ASSIGNED TASK:
In the records below, find the line containing "Elegant, bohemian, vintage", then copy that line and all lines after it, exactly, omitting every picture.

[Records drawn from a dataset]

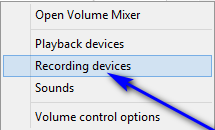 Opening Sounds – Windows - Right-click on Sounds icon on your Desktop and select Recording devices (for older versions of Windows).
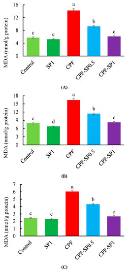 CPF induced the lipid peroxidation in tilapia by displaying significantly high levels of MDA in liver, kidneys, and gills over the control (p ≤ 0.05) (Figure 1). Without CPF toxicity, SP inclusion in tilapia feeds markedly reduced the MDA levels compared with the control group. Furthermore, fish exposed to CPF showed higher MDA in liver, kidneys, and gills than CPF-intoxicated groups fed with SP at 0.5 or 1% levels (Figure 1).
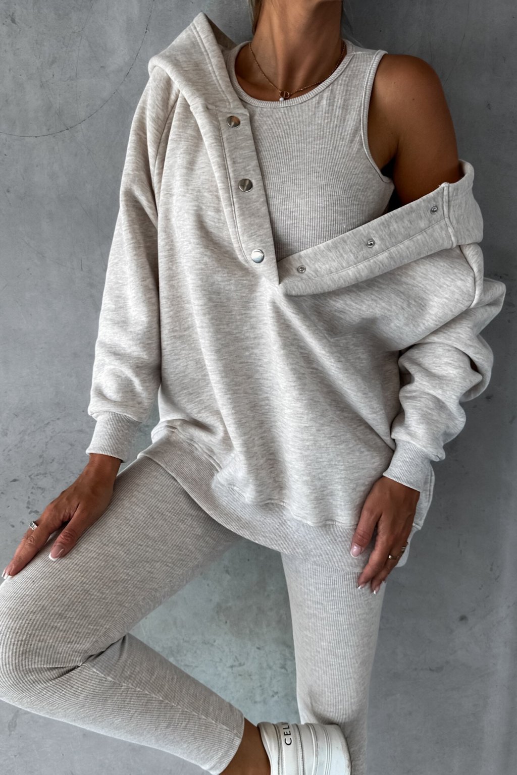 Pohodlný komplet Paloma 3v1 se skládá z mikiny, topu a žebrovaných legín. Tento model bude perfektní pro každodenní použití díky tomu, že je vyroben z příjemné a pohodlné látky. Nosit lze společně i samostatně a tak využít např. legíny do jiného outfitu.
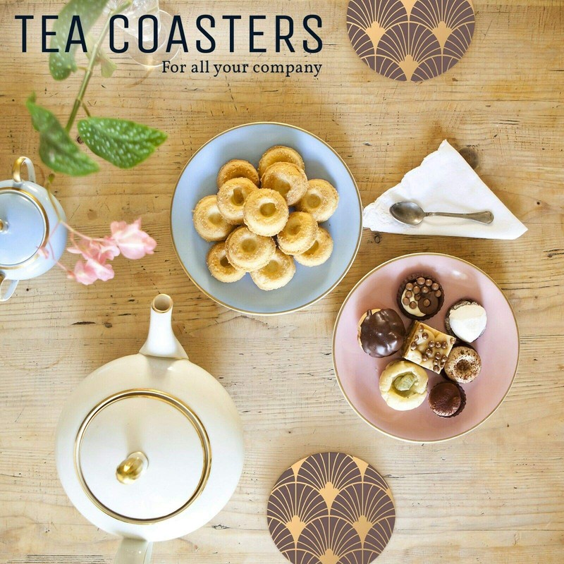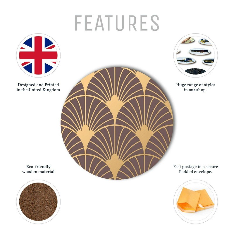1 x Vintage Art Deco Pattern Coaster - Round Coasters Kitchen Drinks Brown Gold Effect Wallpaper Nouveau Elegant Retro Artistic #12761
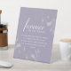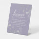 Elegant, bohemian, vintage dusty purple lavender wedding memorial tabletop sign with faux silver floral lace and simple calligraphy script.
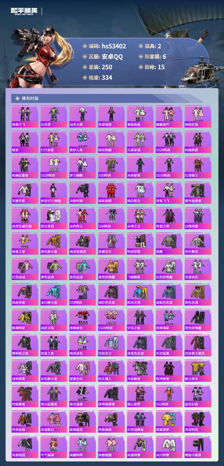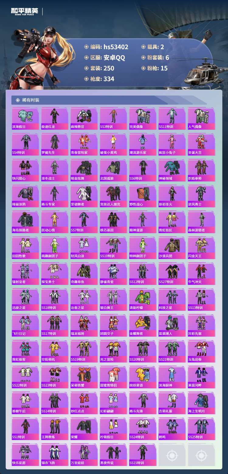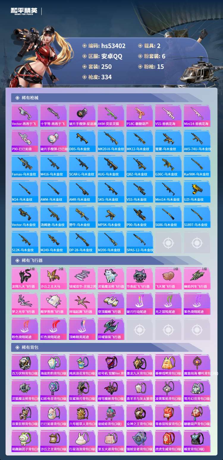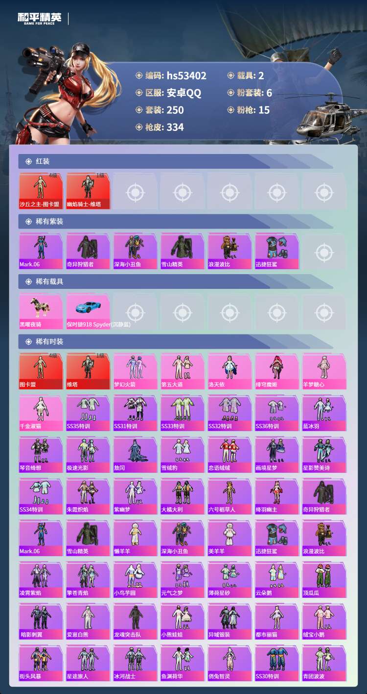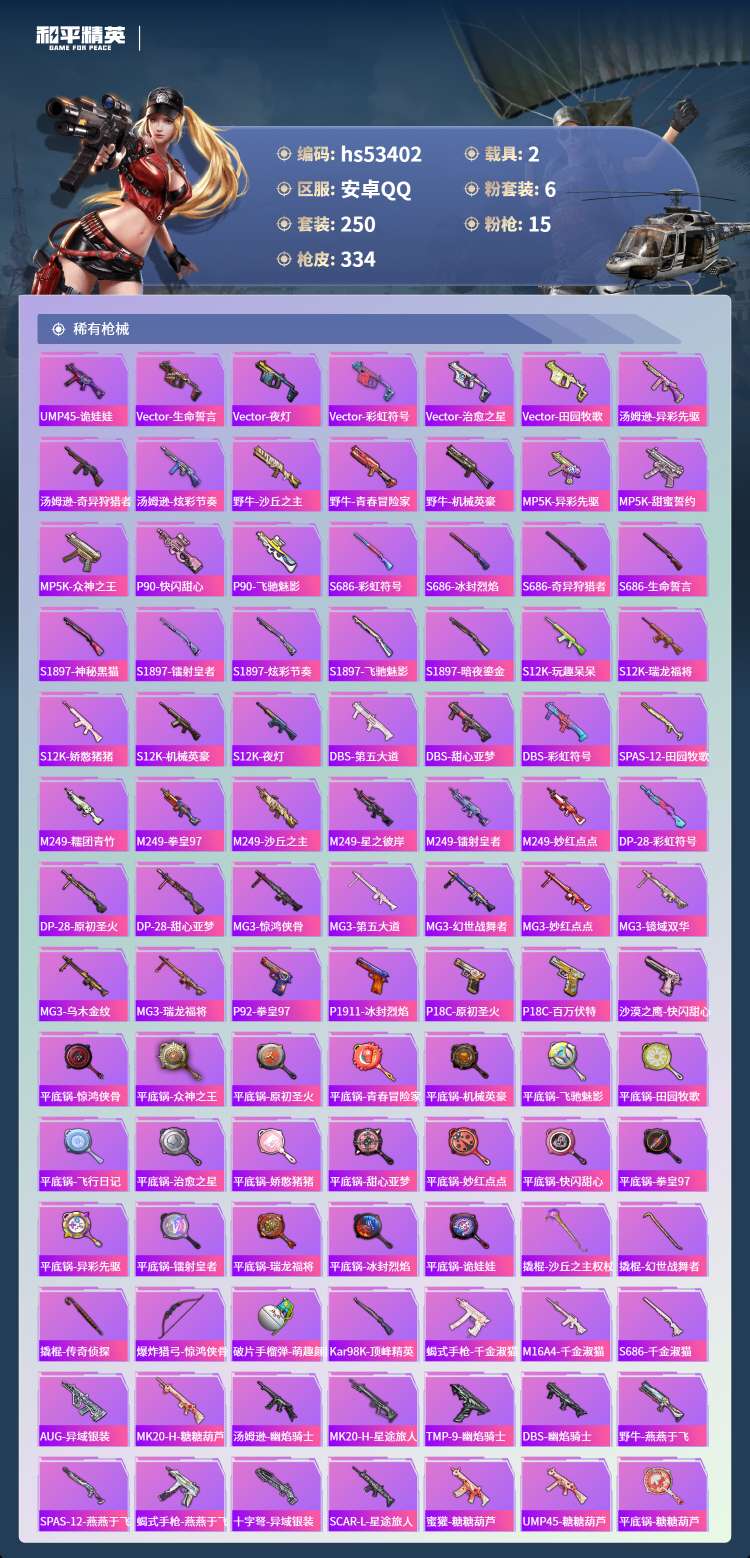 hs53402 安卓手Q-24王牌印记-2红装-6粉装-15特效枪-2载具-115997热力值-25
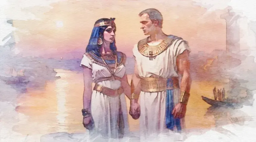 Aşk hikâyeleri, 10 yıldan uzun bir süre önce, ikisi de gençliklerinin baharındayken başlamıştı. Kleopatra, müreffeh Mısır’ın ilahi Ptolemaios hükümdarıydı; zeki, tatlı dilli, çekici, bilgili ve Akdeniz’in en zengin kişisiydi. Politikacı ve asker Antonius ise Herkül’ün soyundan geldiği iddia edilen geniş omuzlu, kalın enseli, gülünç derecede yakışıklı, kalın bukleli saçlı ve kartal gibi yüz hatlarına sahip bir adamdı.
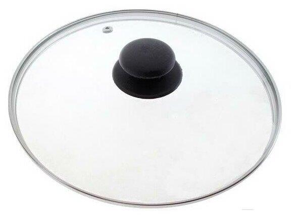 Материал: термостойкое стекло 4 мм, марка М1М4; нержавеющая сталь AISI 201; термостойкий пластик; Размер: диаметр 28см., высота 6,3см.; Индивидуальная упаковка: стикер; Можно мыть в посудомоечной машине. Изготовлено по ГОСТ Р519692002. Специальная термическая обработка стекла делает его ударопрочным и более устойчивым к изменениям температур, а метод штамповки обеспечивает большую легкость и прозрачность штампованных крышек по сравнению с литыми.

RESPONSE AREA:
 Elegant, bohemian, vintage dusty purple lavender wedding memorial tabletop sign with faux silver floral lace and simple calligraphy script.
 hs53402 安卓手Q-24王牌印记-2红装-6粉装-15特效枪-2载具-115997热力值-25
 Aşk hikâyeleri, 10 yıldan uzun bir süre önce, ikisi de gençliklerinin baharındayken başlamıştı. Kleopatra, müreffeh Mısır’ın ilahi Ptolemaios hükümdarıydı; zeki, tatlı dilli, çekici, bilgili ve Akdeniz’in en zengin kişisiydi. Politikacı ve asker Antonius ise Herkül’ün soyundan geldiği iddia edilen geniş omuzlu, kalın enseli, gülünç derecede yakışıklı, kalın bukleli saçlı ve kartal gibi yüz hatlarına sahip bir adamdı.
 Материал: термостойкое стекло 4 мм, марка М1М4; нержавеющая сталь AISI 201; термостойкий пластик; Размер: диаметр 28см., высота 6,3см.; Индивидуальная упаковка: стикер; Можно мыть в посудомоечной машине. Изготовлено по ГОСТ Р519692002. Специальная термическая обработка стекла делает его ударопрочным и более устойчивым к изменениям температур, а метод штамповки обеспечивает большую легкость и прозрачность штампованных крышек по сравнению с литыми.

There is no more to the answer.